Algorithm to turn numeric IDs in to short, different alphanumeric codes

Question

I have IDs from a database, and I want them to be short and easily differentiatable by eye (i.e., two close numbers look different).

Like this:

13892359163211 -> ALO2WE7
13992351216421 -> 52NBEK3

or similar, algorithmically. So kind of like a hash, except it needs to be reversible? An encryption algorithm like AES is almost ideal, except that its outputs are way too long. (and overkill).
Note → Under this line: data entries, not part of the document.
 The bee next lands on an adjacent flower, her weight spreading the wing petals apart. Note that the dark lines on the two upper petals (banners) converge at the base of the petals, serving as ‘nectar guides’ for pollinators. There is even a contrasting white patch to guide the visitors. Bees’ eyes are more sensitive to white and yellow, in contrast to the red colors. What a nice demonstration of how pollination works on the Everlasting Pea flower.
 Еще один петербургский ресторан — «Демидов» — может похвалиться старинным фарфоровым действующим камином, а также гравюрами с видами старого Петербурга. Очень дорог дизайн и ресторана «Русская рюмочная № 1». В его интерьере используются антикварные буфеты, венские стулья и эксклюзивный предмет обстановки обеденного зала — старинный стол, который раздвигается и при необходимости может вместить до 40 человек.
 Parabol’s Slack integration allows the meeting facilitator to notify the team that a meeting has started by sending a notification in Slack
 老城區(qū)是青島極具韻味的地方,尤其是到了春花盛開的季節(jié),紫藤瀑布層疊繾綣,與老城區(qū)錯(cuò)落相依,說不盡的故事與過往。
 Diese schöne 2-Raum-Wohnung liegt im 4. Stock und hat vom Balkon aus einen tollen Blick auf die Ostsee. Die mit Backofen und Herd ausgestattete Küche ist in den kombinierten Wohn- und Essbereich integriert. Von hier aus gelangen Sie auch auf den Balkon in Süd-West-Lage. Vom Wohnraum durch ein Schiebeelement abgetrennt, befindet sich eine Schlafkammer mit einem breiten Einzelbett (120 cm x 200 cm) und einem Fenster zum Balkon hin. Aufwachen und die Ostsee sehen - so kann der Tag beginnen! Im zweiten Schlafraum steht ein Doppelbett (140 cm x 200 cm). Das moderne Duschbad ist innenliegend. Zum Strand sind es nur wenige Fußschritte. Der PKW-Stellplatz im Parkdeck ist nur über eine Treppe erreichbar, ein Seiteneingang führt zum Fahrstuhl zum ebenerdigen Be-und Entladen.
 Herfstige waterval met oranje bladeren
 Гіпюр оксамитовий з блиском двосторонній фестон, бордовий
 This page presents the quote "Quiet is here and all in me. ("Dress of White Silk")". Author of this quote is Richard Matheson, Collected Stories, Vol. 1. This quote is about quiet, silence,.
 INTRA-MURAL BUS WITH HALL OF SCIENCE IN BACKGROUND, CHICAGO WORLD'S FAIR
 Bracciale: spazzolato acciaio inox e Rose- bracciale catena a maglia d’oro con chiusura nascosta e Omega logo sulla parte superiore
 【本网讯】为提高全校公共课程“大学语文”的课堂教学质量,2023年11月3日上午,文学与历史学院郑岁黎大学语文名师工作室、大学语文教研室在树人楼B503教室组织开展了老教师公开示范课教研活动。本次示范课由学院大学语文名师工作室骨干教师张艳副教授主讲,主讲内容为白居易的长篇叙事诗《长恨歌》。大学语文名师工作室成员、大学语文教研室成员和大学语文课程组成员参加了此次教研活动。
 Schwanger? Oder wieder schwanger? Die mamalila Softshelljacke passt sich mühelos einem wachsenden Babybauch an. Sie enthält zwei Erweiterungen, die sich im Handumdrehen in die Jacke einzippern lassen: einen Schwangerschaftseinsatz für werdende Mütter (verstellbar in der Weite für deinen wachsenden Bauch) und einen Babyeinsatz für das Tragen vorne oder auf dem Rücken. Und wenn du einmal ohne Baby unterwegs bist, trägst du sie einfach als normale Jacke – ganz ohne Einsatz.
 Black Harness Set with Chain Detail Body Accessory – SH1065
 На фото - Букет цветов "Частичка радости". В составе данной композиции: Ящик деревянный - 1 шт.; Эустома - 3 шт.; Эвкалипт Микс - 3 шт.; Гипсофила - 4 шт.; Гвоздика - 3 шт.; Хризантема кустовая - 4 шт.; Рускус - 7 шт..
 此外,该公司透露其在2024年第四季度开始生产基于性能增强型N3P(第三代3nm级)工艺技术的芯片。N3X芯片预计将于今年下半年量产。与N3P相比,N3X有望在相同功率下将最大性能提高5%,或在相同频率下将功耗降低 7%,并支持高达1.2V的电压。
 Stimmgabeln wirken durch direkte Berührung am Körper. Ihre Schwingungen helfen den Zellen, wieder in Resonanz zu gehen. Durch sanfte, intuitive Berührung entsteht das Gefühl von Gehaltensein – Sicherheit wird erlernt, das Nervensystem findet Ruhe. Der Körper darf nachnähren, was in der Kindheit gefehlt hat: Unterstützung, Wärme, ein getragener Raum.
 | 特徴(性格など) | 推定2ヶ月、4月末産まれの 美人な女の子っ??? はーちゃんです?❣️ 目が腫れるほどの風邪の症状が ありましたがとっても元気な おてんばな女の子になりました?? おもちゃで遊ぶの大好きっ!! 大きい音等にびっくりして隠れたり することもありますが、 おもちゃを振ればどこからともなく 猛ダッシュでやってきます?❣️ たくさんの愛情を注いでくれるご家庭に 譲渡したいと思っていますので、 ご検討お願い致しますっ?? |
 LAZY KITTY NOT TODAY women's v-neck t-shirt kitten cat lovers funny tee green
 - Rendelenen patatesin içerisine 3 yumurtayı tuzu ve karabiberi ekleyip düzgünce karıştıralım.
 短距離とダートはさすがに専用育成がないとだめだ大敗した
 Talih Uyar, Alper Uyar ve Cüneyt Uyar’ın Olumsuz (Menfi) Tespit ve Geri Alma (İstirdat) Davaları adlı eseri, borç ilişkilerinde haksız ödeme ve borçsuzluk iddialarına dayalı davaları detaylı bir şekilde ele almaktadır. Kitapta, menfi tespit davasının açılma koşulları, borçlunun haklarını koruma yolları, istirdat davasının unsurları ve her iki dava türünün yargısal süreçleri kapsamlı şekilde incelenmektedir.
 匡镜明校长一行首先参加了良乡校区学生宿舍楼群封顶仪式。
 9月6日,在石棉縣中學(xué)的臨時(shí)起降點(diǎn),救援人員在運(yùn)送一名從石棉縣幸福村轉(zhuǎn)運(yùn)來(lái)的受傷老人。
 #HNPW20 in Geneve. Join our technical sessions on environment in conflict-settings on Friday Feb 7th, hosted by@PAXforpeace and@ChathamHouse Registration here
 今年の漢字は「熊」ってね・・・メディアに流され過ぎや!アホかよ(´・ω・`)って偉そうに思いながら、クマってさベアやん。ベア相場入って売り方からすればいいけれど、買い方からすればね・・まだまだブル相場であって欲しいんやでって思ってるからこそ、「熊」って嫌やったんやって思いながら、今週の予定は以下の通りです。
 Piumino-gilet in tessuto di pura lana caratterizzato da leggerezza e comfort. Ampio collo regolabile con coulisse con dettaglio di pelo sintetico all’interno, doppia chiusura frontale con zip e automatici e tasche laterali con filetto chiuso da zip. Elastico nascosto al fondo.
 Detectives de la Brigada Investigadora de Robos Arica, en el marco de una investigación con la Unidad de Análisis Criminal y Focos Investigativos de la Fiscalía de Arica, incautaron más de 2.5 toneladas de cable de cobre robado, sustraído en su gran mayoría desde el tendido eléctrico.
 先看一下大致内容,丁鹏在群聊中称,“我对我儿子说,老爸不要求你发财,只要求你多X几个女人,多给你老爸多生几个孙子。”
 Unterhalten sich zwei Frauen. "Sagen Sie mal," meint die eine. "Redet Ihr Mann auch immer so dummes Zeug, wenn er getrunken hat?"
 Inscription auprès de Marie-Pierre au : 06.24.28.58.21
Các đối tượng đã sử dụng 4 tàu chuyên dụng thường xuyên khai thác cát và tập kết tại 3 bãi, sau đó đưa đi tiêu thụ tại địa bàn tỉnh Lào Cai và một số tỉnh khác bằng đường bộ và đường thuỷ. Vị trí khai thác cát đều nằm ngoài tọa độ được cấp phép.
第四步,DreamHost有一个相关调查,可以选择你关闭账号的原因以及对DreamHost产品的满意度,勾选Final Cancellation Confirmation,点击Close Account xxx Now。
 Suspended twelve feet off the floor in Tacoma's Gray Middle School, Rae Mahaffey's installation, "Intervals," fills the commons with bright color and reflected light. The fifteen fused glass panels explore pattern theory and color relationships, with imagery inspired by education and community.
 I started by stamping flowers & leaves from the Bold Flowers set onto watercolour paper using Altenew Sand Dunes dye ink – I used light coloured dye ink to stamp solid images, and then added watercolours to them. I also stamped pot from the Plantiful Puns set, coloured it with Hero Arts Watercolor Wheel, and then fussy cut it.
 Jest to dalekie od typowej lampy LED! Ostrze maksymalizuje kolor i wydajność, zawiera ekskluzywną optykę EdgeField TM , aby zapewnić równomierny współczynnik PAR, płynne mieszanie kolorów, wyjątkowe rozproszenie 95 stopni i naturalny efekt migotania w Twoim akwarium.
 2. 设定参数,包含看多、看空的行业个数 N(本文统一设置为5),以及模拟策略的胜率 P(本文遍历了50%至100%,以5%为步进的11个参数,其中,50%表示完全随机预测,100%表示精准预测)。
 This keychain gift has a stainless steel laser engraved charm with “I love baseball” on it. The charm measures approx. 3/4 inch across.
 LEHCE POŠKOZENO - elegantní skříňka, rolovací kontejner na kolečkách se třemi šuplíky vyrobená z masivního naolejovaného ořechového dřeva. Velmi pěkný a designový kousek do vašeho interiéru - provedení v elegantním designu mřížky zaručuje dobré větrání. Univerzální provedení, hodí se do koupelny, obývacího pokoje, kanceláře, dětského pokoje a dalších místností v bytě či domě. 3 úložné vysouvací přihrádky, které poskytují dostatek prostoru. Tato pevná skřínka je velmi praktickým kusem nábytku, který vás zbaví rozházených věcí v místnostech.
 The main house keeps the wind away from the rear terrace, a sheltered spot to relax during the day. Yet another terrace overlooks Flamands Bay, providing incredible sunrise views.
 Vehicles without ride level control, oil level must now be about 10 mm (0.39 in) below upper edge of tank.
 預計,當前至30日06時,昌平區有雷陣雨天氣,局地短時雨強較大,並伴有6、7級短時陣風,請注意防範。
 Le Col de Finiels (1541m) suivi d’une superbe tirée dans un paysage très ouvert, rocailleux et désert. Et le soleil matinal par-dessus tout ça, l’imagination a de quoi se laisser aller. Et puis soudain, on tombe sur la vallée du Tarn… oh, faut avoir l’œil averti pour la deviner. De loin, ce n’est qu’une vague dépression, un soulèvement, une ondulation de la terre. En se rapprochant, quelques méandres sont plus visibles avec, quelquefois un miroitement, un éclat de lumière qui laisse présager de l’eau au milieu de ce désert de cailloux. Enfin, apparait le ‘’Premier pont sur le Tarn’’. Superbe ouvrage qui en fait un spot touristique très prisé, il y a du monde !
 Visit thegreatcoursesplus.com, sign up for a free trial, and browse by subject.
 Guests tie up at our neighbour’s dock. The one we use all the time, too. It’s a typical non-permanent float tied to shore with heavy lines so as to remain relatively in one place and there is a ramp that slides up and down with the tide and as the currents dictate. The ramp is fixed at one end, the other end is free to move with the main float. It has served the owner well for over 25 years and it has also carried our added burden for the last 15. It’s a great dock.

I'm using Python (3), although I don't think that should really matter

Why downvote? "This question does not show any research effort; it is unclear or not useful". Perfectly clear and useful, and I have already researched (see: AES and hashing) — retnikt, Aug 23 '19 at 10:34
Making them significant shorter requires a larger alphabet on the right hand side than just A-Z0-9. — President James K. Polk, Aug 23 '19 at 12:15
Sidenote, not really an answer to my question, but an alternative method: you could simply generate random strings and attach them to the rows/documents in the database. — retnikt, Aug 23 '19 at 19:01
That would be fine, but you still need to use a random technique that will not produce duplicates. — President James K. Polk, Aug 23 '19 at 19:09

nitzel · Answer 1 · 2019-08-23T13:49:09.713

New answer with 'close' numbers looking different

You could use RSA to encrypt (and later decrypt) your numbers. This is definitely overkill - but ... here is the example: Install https://github.com/sybrenstuvel/python-rsa (pip install rsa)

import rsa
import rsa.core
# (pubkey, privkey) = rsa.newkeys(64) # Generate key pair
pubkey = rsa.PublicKey(n=9645943279888986023, e=65537)
privkey = rsa.PrivateKey(n=9645943279888986023, e=65537, d=7507666207464026273, p=9255782423, q=1042153201)

print("1st", rsa.core.encrypt_int(13892359163211, pubkey.e, pubkey.n))
print("2nd", rsa.core.encrypt_int(13992351216421, pubkey.e, pubkey.n))
print("1st", hex(rsa.core.encrypt_int(13892359163211, pubkey.e, pubkey.n))[2:])
print("2nd", hex(rsa.core.encrypt_int(13992351216421, pubkey.e, pubkey.n))[2:])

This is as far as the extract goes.